Destiny 3 non è in sviluppo, ma i giocatori lo chiedono a gran voce: è ciò che si percepisce in questi giorni, dopo che l'ultimo aggiornamento per il secondo capitolo della serie ha determinato un picco di utenti su Steam, superando di gran lunga i numeri totalizzati da Marathon.
Fra i tanti che sono tornati per l'occasione, affollando i server di Destiny 2, c'è chi lo ha fatto per ragioni nostalgiche e chi invece ha voluto lanciare un segnale a Sony, lasciando intendere che esiste un pubblico che accoglierebbe con entusiasmo un eventuale terzo episodio.
Stando alle indiscrezioni riportate da Jason Schreier di Bloomberg, la casa giapponese avrebbe accantonato l'idea di realizzare Destiny 3 per via dei costi di sviluppo elevatissimi che il progetto avrebbe comportato, e che cozzano con l'attuale prudenza dell'azienda nei confronti dei live service.
Tuttavia, qualche tempo fa è stata lanciata una petizione che chiede a Sony di produrre Destiny 3 e che conta al momento oltre 375.000 firme verificate: di certo una buona base di partenza per ragionare sul futuro del franchise.

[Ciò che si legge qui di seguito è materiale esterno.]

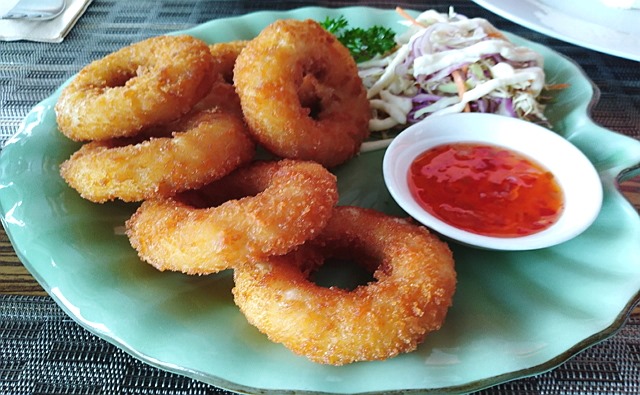 カラマリは、想像と違って日本のイカ・リングのフライのようでしたが、懐かしくて楽しめました。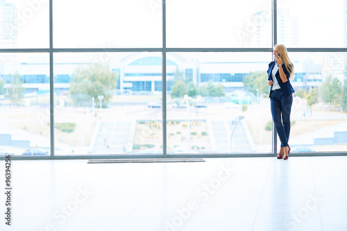 Businesswoman standing against office window talking on mobile phone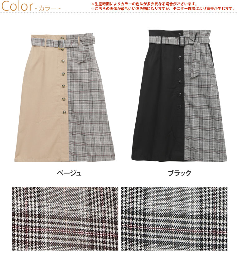 フロントボタンでスッキリ着こなす!!ベルト付きチェック柄スカート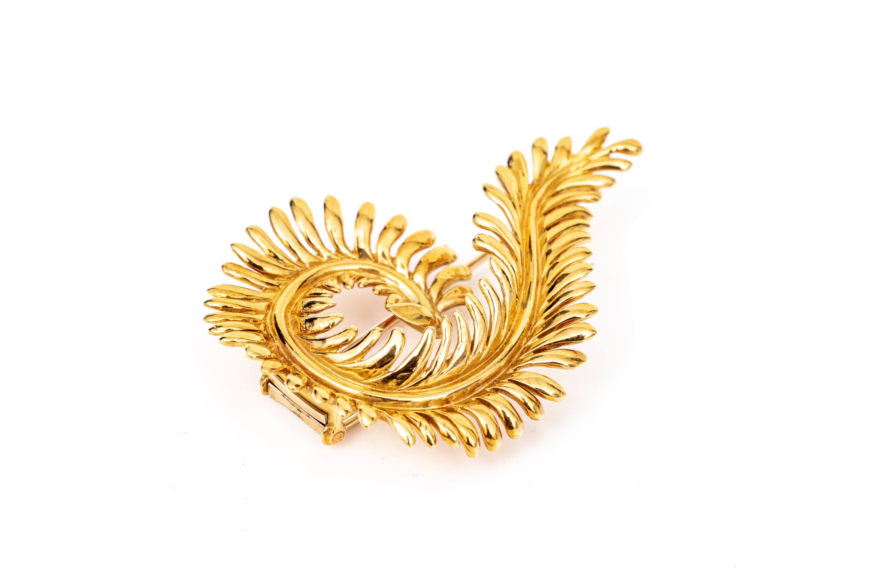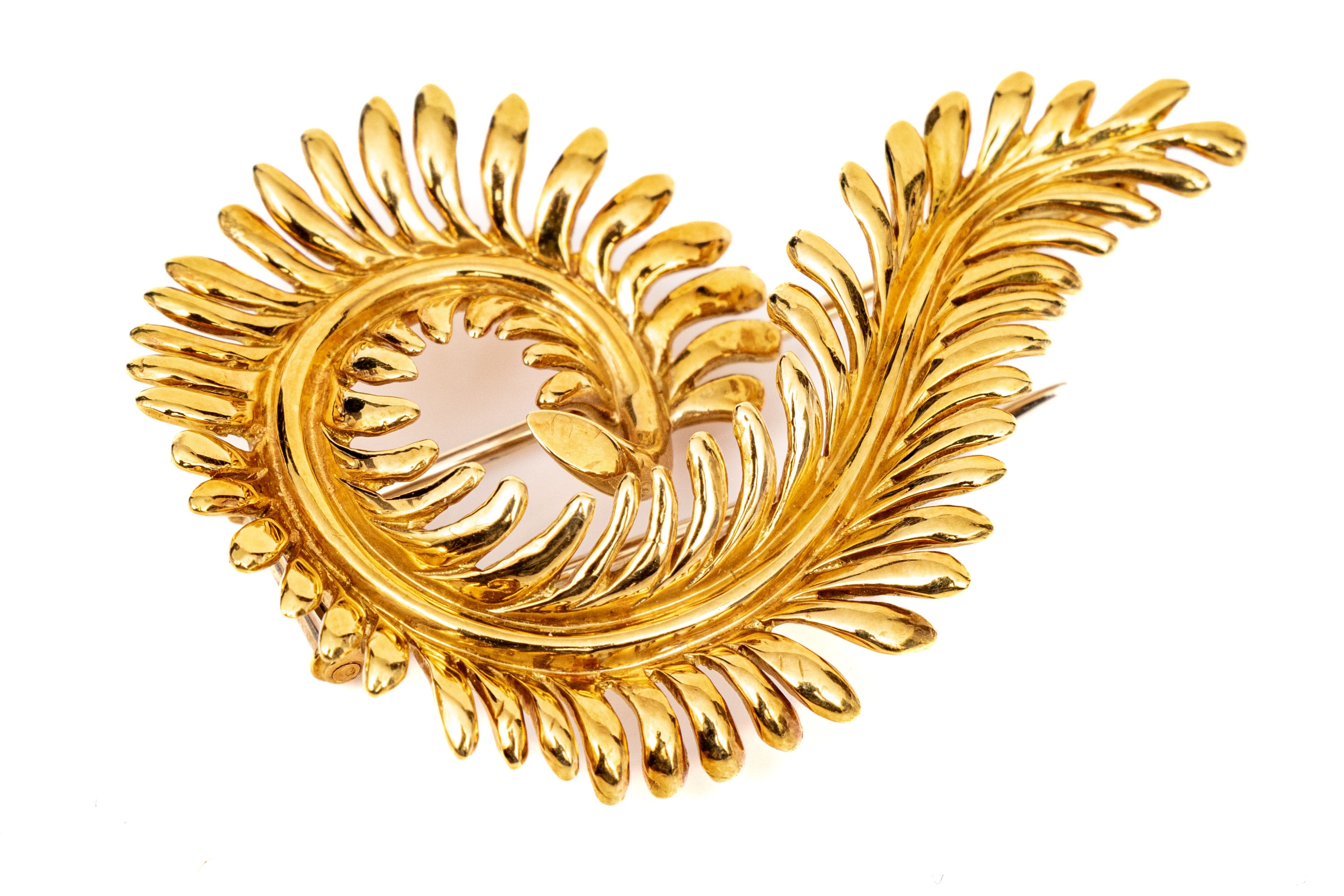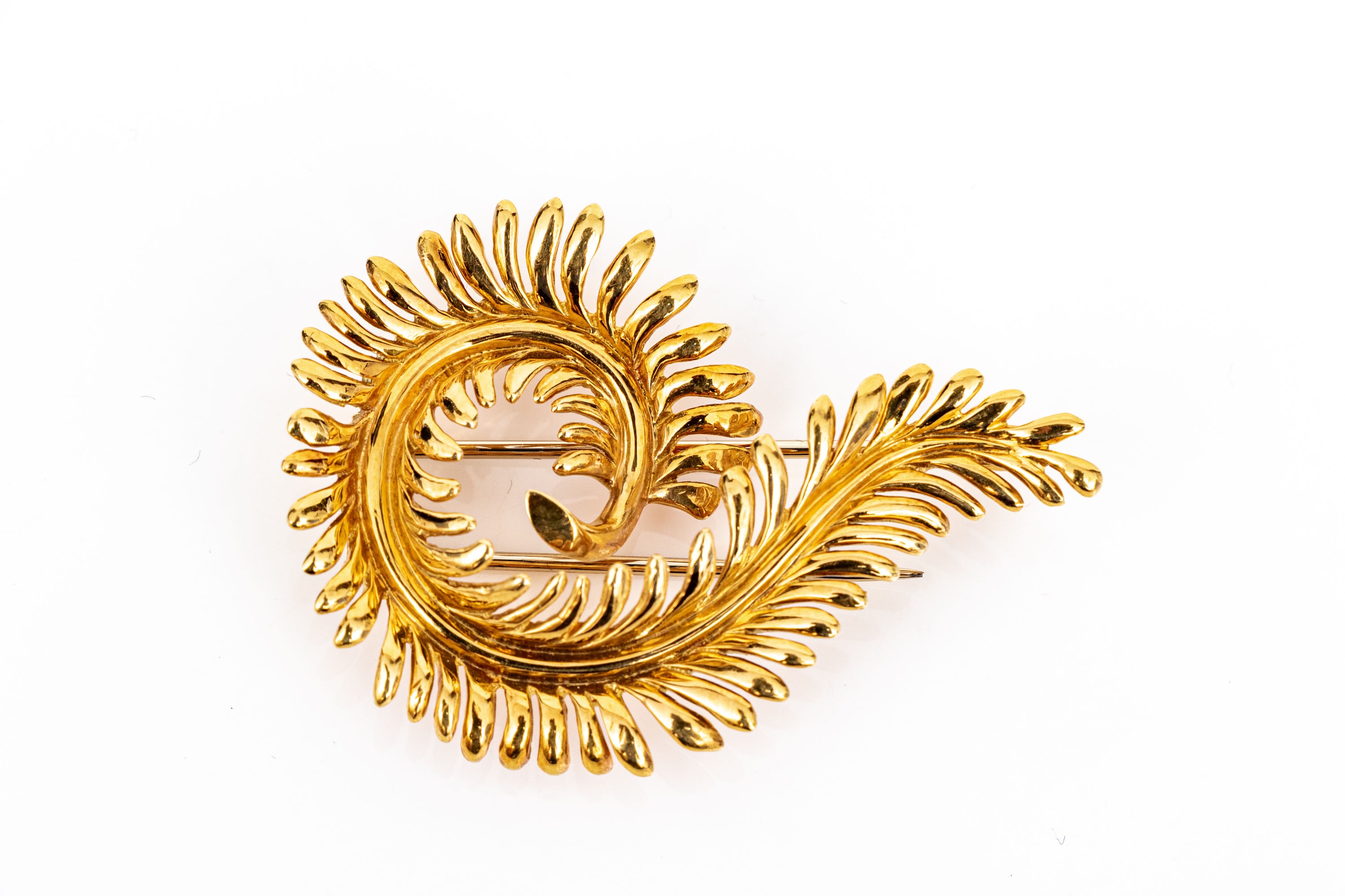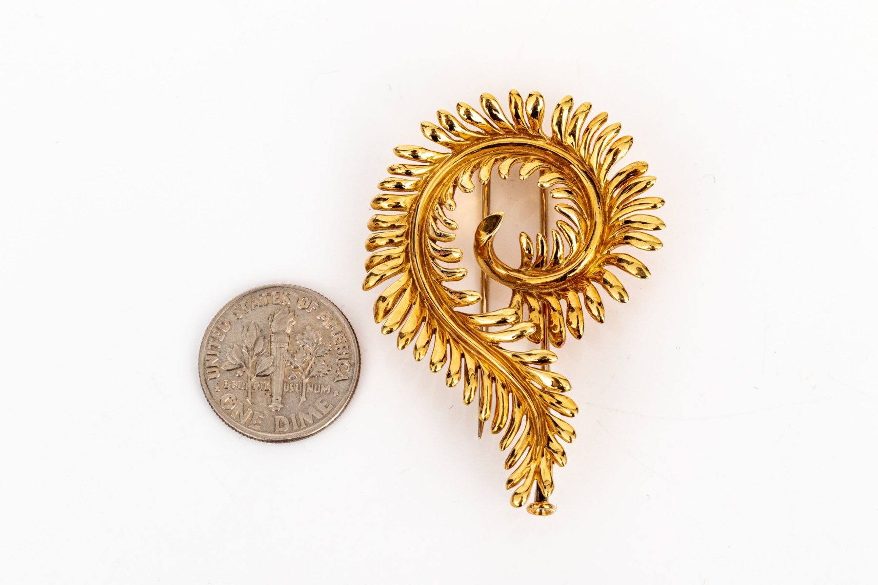 Tiffany & Co. 18k yellow gold Schlumberger magnificent stylized furling feather brooch. This fabulous brooch takes inspiration from the question mark, studded with rounded, high polished tendrils and finished with a double pronged brooch closure.

Nel frattempo, Marathon si muove fra mille difficoltà
Com'era facile prevedere, i fan di Destiny 2 si stanno sfogando nelle recensioni di Marathon per la fine del supporto e questi malumori si aggiungono alle tante difficoltà del nuovo titolo di Bungie, che finora ha registrato vendite inferiori alle aspettative.
Anche dopo il recente aggiornamento per la seconda stagione, le prestazioni su Steam restano deboli e alimentano i dubbi sul futuro del progetto, mentre si vocifera di possibili ristrutturazioni interne legate anche all'incapacità di recuperare l'importante investimento che Sony ha dovuto effettuare per l'acquisizione dello studio.